Thank you for your comments. As a non-expert, my sense of
it was that in a putative quantum gravity one has to consider
many types of 'paths' at once in some sort of path integral.
This is a general principle that will hold even if the details aren't quite
known.
The classical technical black-hole solution would only be
an approximate path integral contribution that ignored radiation --
a WKB-style solution as \hbar->0.

The radiation would come from other path integral pieces involving
smooth metrics with no horizon, if I have it right.
I guess the relative importance of these types
of pieces depend on the mass of the object and the time scale
of the experiment among other things. Besides radiation, these
smooth metrics also allow the theory to be 'unitary', preserving
information, which was the motivation for the problem.

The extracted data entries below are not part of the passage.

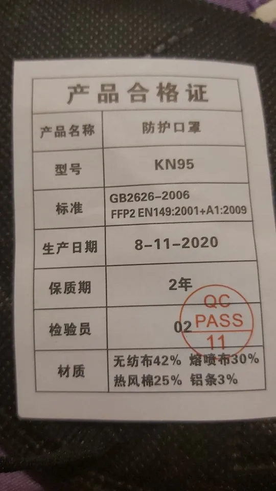 Идеально и поставляется с сертификатом, запечатанным на маске. Я прибыл до этого времени
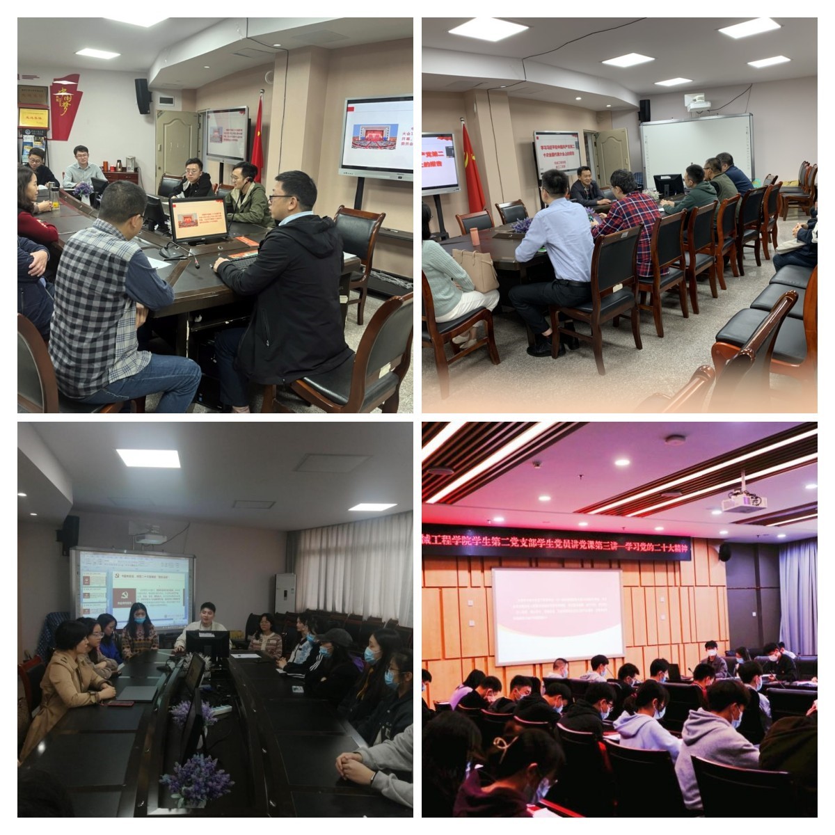 二是抓实全方位宣传。党的二十大召开以来,学院党委、各党支部、各系部在深入学习、深刻领悟、深化认知上下功夫,在强化宣传、强大氛围、强建团队上见实效。通过组织全院师生观看二十大开幕式,举办二十大精神知识竞赛、学生党员讲党课、二十大金句摘抄、主题班会、主题团日活动等方式,以小切口讲述大问题,用小事例解读大文章,引导师生真学、真懂、真用。同时,为打破学习壁垒,学院3个教工党支部及2个学生党支部形成跨支部、跨班级的师生联动,同分享、同记录,同频共振,全面强化党的二十大学习宣传浓厚氛围。
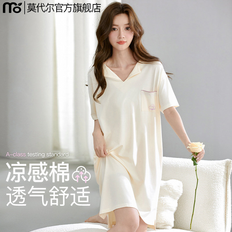 莫代尔睡裙女款夏季冰丝短袖睡衣连衣裙A类抑菌女士家居服2026新
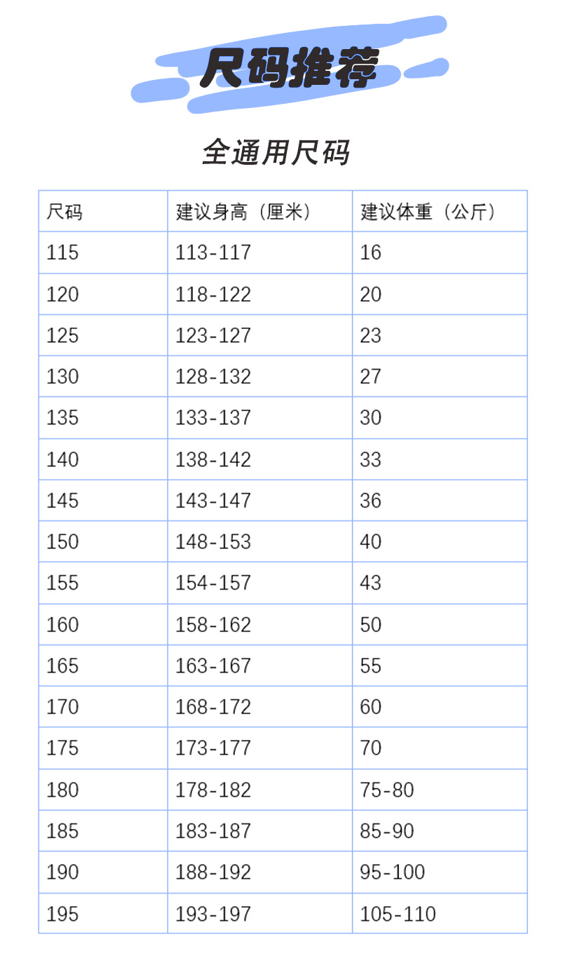 120cm; 125cm; 130cm; 135cm; 140cm; 145cm; 150cm; 155cm; 160cm; 165cm; 170cm
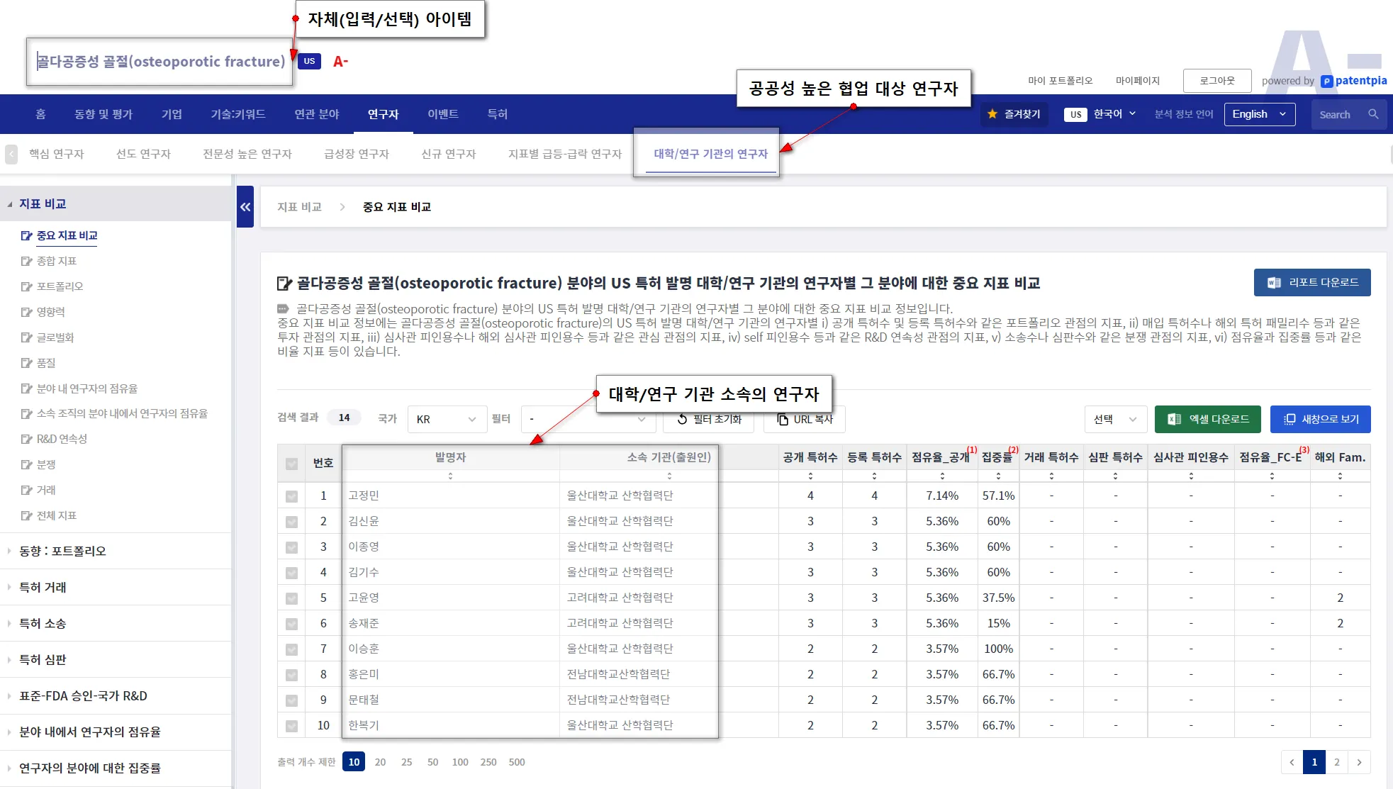 Core researcher(예, 노벨상 수상자)의 핫/신규 아이템과의 연관성
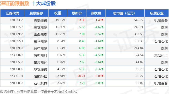 证券之星消息,11月18日,深证能源(399613)指数报收于3373.46点,跌2.39%,成交52.58亿元,换手率3.25%。当日该指数成份股中,上涨的有2家,杰瑞股份以1.49%的涨幅领涨,下跌的有11家,美锦能源以4.62%的跌幅领跌。
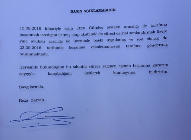 Halen ABD'de tutuklu bulunan Reza Zarrab avukatları aracılığı ile yaptığı açıklamada Ebru Gündeş ile boşanacağını açıkladı. Zarrab boşanma teklifinin Ebru Gündeş'ten geldiğini ve kendisinin de bu teklifi içinde bulunduğu güç koşullara rağmen kabul ettiğini açıkladı.
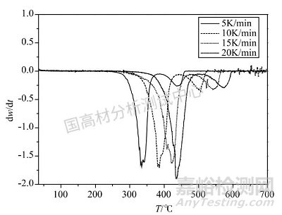 由PET的TG曲線可以看到PET的在空氣中的熱分解分為兩個(gè)階段:第一個(gè)階段的起始點(diǎn)溫度約在300℃左右,這個(gè)階段是PET的主要失重階段,PET大分子鏈在此階段大量分解,第二階段的起始溫度約在450℃左右,在整個(gè)PET分解過程中所占的比重不大,這部分分解主要是PET中有未反應(yīng)完的單體和小分子物質(zhì)。當(dāng)?shù)谝浑A段失重發(fā)生時(shí),

I took Hawking's remarks to be general principles
that would hold in *any* quantum theory of gravity, regardless
of the details. The idea that in some final theory, that one will sum
over various metrics has been around for a long time.
But to me, and I could be completely wrong here, the
association of the radiative effects with the path sums over
all the 'smooth metrics' seemed like a new insight. Not
only that, it seems quite agreeable with his earlier
semi-classical insight that the radiation causes the classical black
hole with a classical horizon to evaporate, returning
a classical spacetime to a smooth state. It all seems quite
consistent in a qualitative way.

Please ... somebody correct me if I have totally mangled it.

alan

[MP]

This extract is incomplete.